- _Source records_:
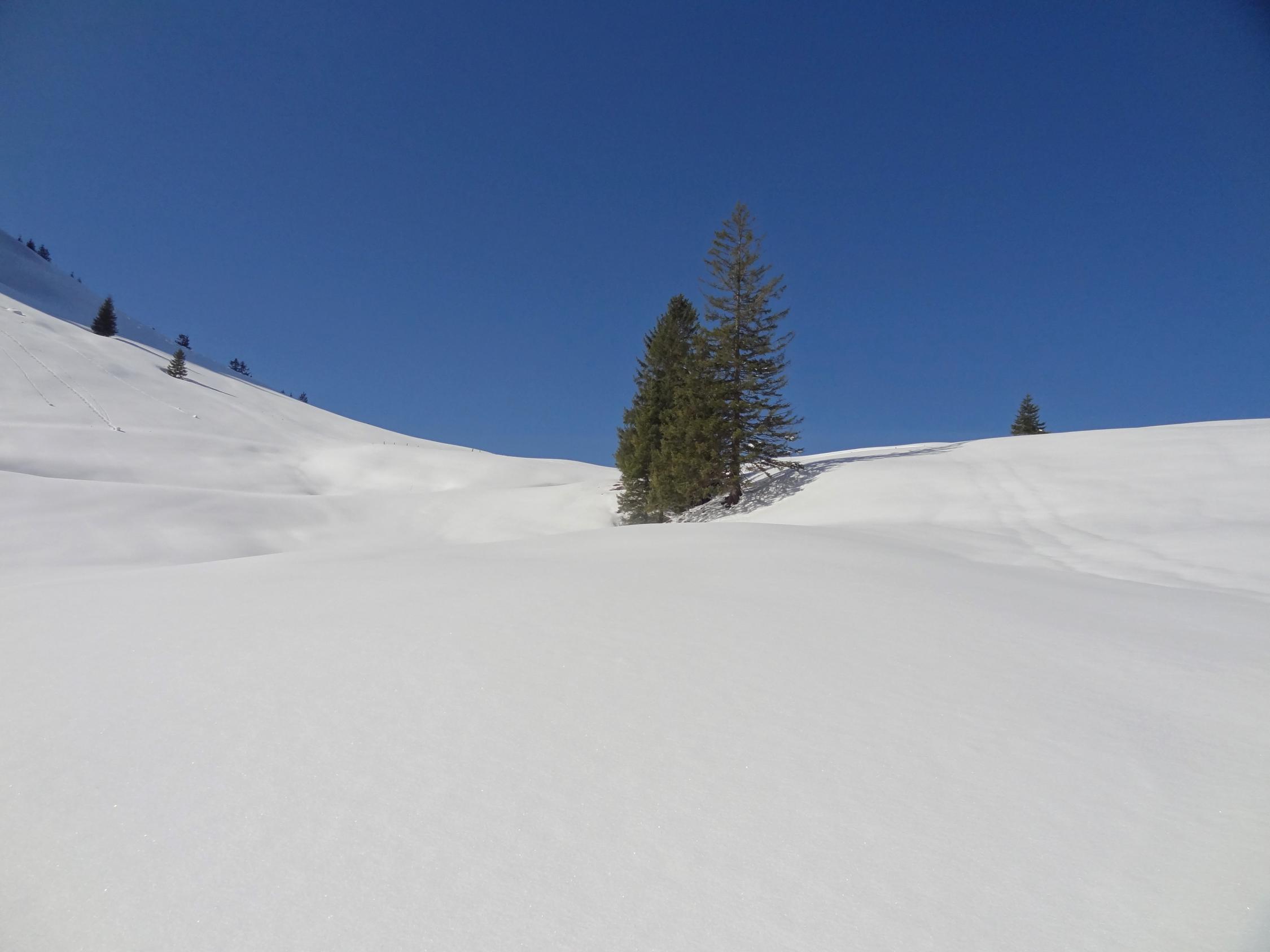 Egal welche Variante man macht, handelt es sich um eine landschaftlich schöne, leichte Tour abseits vom Rummel. Der Trail ist meistens gespurt.
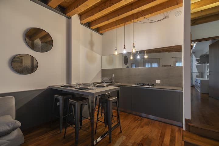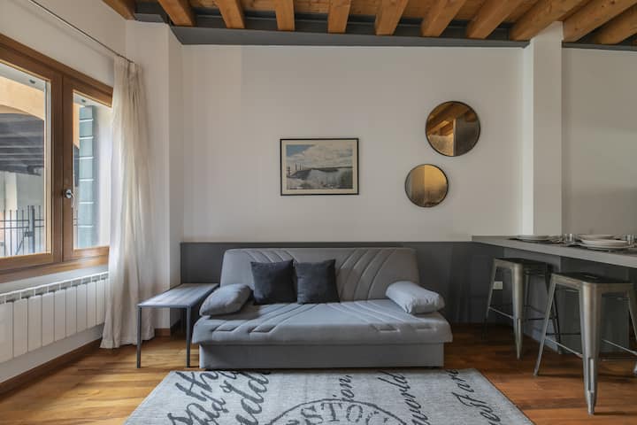 Accogliente e luminoso appartamento situato nel cuore di Treviso, a pochi passi da una delle zone più affascinanti della città: la storica Pescheria e il vivace Quartiere Latino.
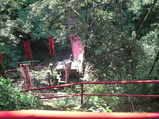 千願不動の滝。迷路のような赤い橋をどんどん行くと途中に綺麗な滝、
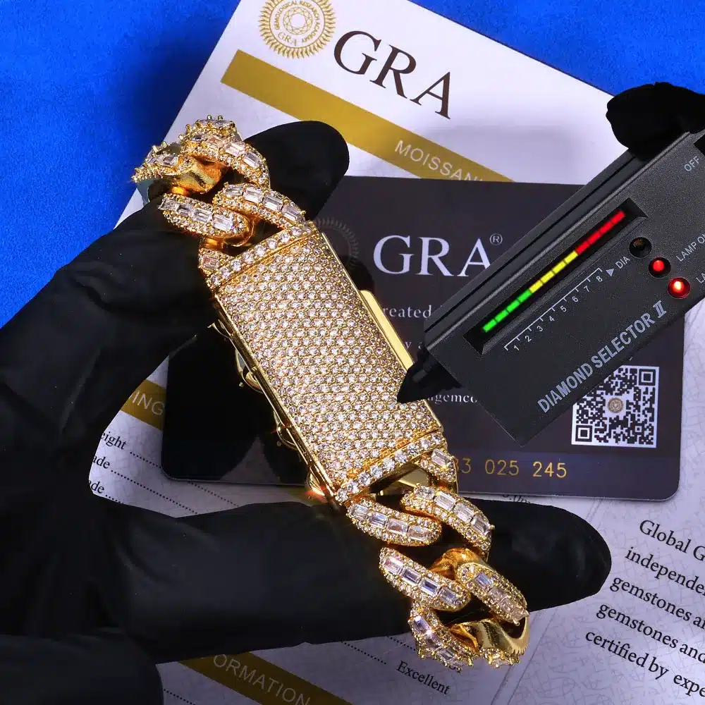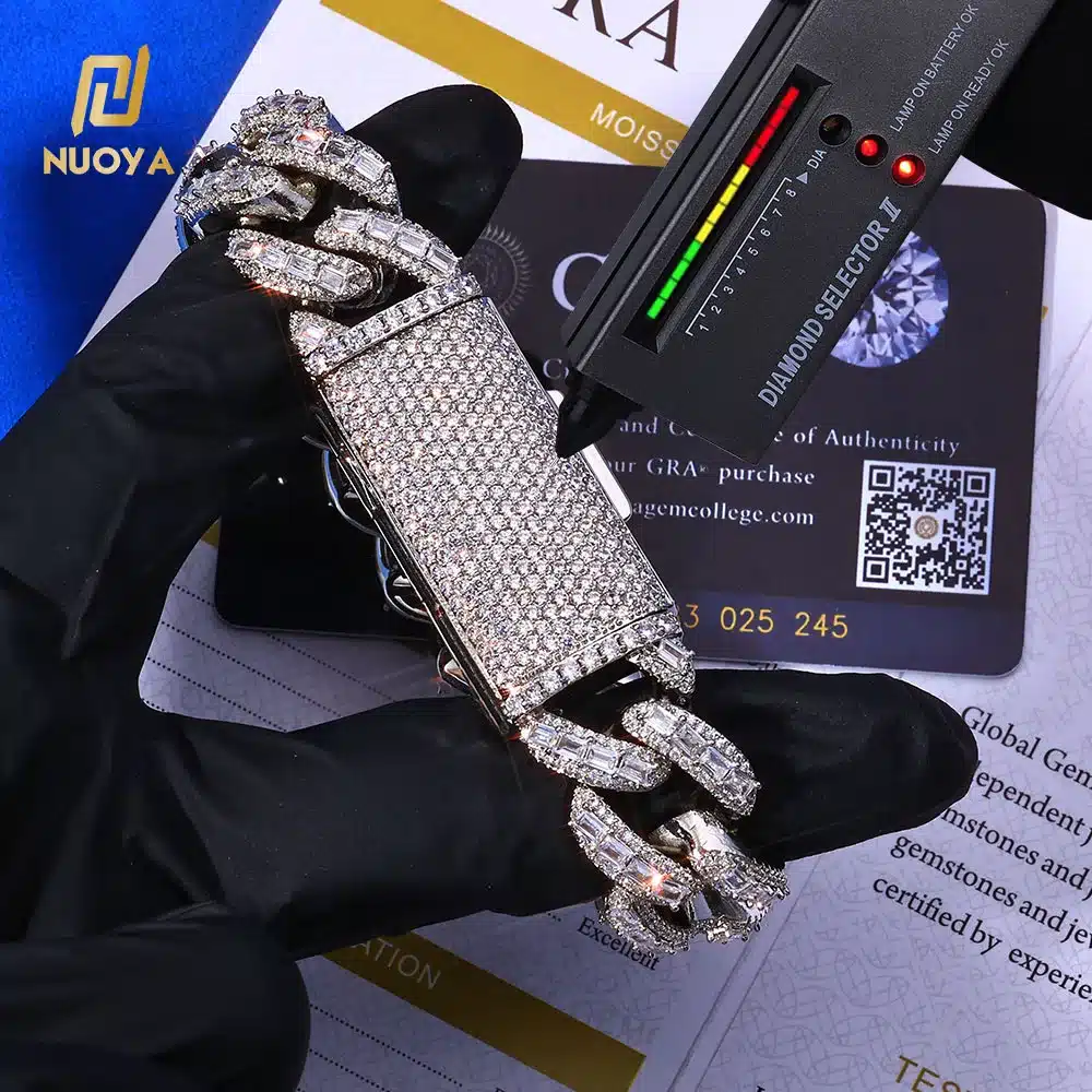 Be the first to review “NUOYA 18mm Heavy Duty Cuban Chain 925 Silver Bracelet Flip Buckle Iced VVS Moissanite Baguette Inlay Hip Hop Jewelry” Cancel reply
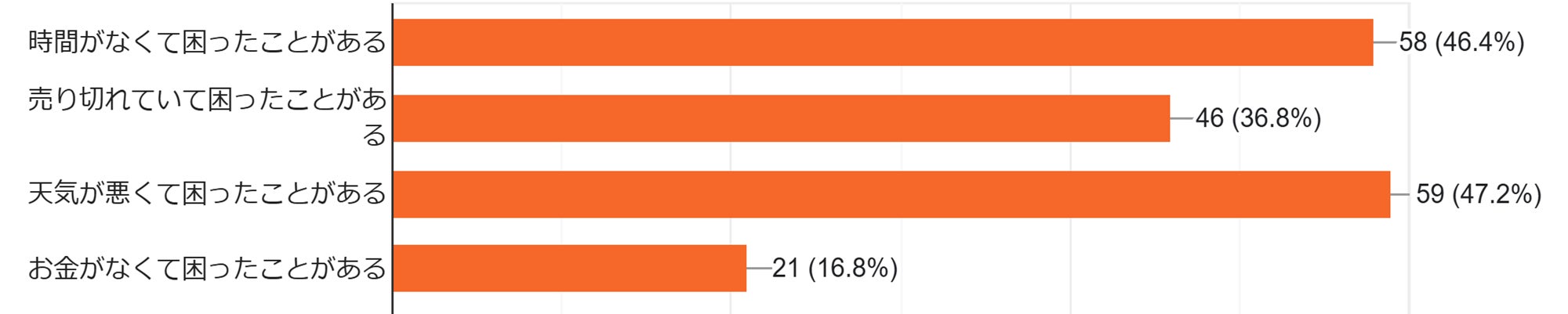 その理由は、上のグラフのとおり、多忙や天候がよくなかったことが原因として挙げられます。

- _PROBLEM TO WORK ON_: Every line from the one that holds "千願不動の滝。迷路のような赤い橋をどんどん行くと途中に綺麗な滝、" to the last line of the records above goes into the answer, exactly as written; nothing else does, and no picture does either.

- _ANSWER SPACE_:
 千願不動の滝。迷路のような赤い橋をどんどん行くと途中に綺麗な滝、
 Be the first to review “NUOYA 18mm Heavy Duty Cuban Chain 925 Silver Bracelet Flip Buckle Iced VVS Moissanite Baguette Inlay Hip Hop Jewelry” Cancel reply
 その理由は、上のグラフのとおり、多忙や天候がよくなかったことが原因として挙げられます。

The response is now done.